Is there anything I can do to gain performance??? I guess this inner loop is the killing part, right?
I would be happy for any kind of tipp to tune this loop.
Thank you so much!

Hi elephant,

What I’d try doing is assigning the RNODE2(NN,CI) and RNODE1(NN,CI) values to temp variables and replacing each instance with the loop with the temp variable. For example:

!$acc region

         do NN=1,Number_of_nodes
            do CI=1,Number_of_cells_per_node(NN)
             rn1 = RNODE1(NN,CI) 
             rn2 = RNODE2(NN,CI)
             face1 = face1(rn2)*I_GPU(rn1,1)    &
                    +face2(rn2)*J_GPU(rn1,1)    &
                    +face3(rn2)*K_GPU(rn1,1)
... continues

The code is using a lot of registers.

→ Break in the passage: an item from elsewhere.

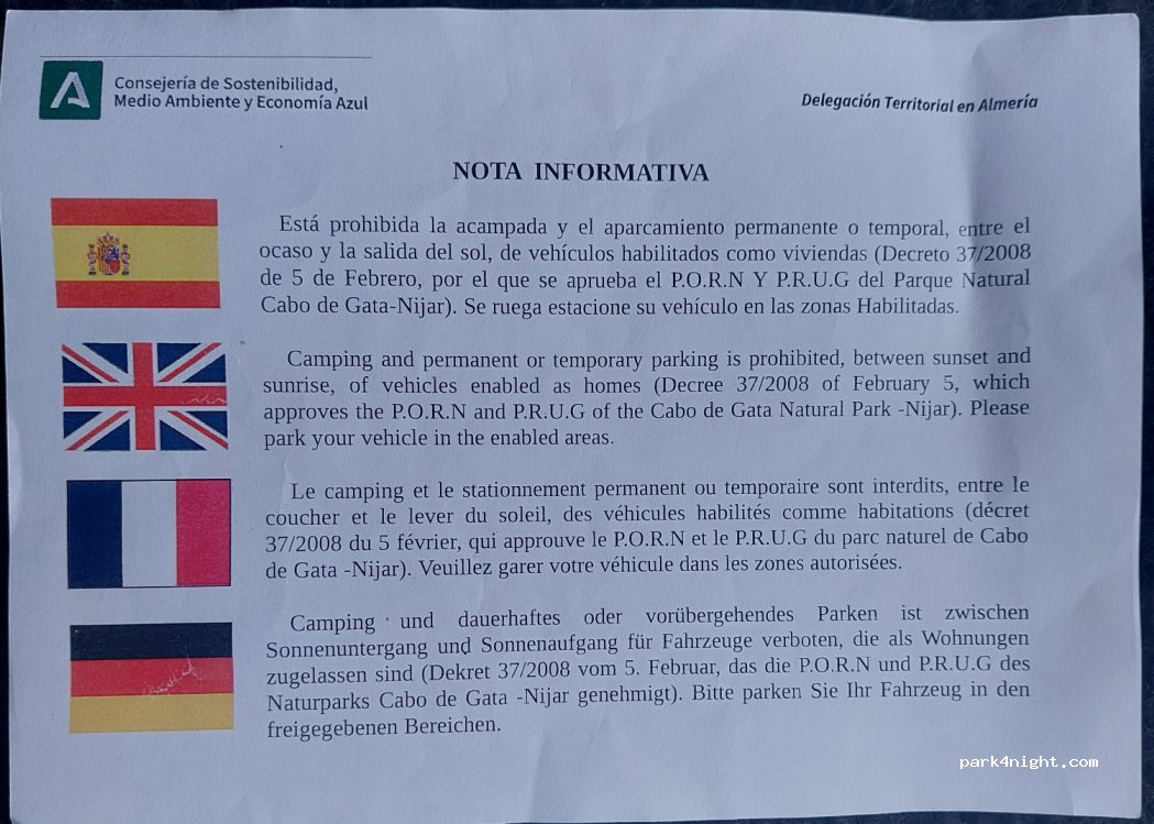 Genauso wie am Playa de los Genoveses wurden hier gestern Abend und heute Abend alle stehende Fahrzeuge und Wohnwagen von der Polizei gebeten den Platz zu räumen. Übernachten verboten!!!

My best guess is many of these registers are being used to hold the address calculation for each of the RNODE address. Granted, the compiler may already be recognizing the redundant look-ups and has already replaced them with temp variables. In which case, manually replacing them wont matter. Worth a try though.

Next, I’d use a temp variable to accumulate, otherwise, your storing “ARRAY(NN,1)” to global memory after each iteration of the loop.

!$acc region

         do NN=1,Number_of_nodes
            tempsum = ARRAY(NN,1)
            do CI=1,Number_of_cells_per_node(NN) 
...
                tempsum = tempsum + (face1*F(RNODE1(NN,CI),1)     & 
....
            enddo
           ARRAY(NN,1) = tempsum
     enddo
!$acc end region

The next thing to try is setting the maxregcount to 16 (-Mcuda=maxregcount:16). This should boost the occupancy from 33% to 100%. Though, increasing the occupancy doesn’t always mean better performance since less registers can mean more global memory fetches. Though, you don’t have a lot of data reuse, so may be ok.

Hope this helps,
Mat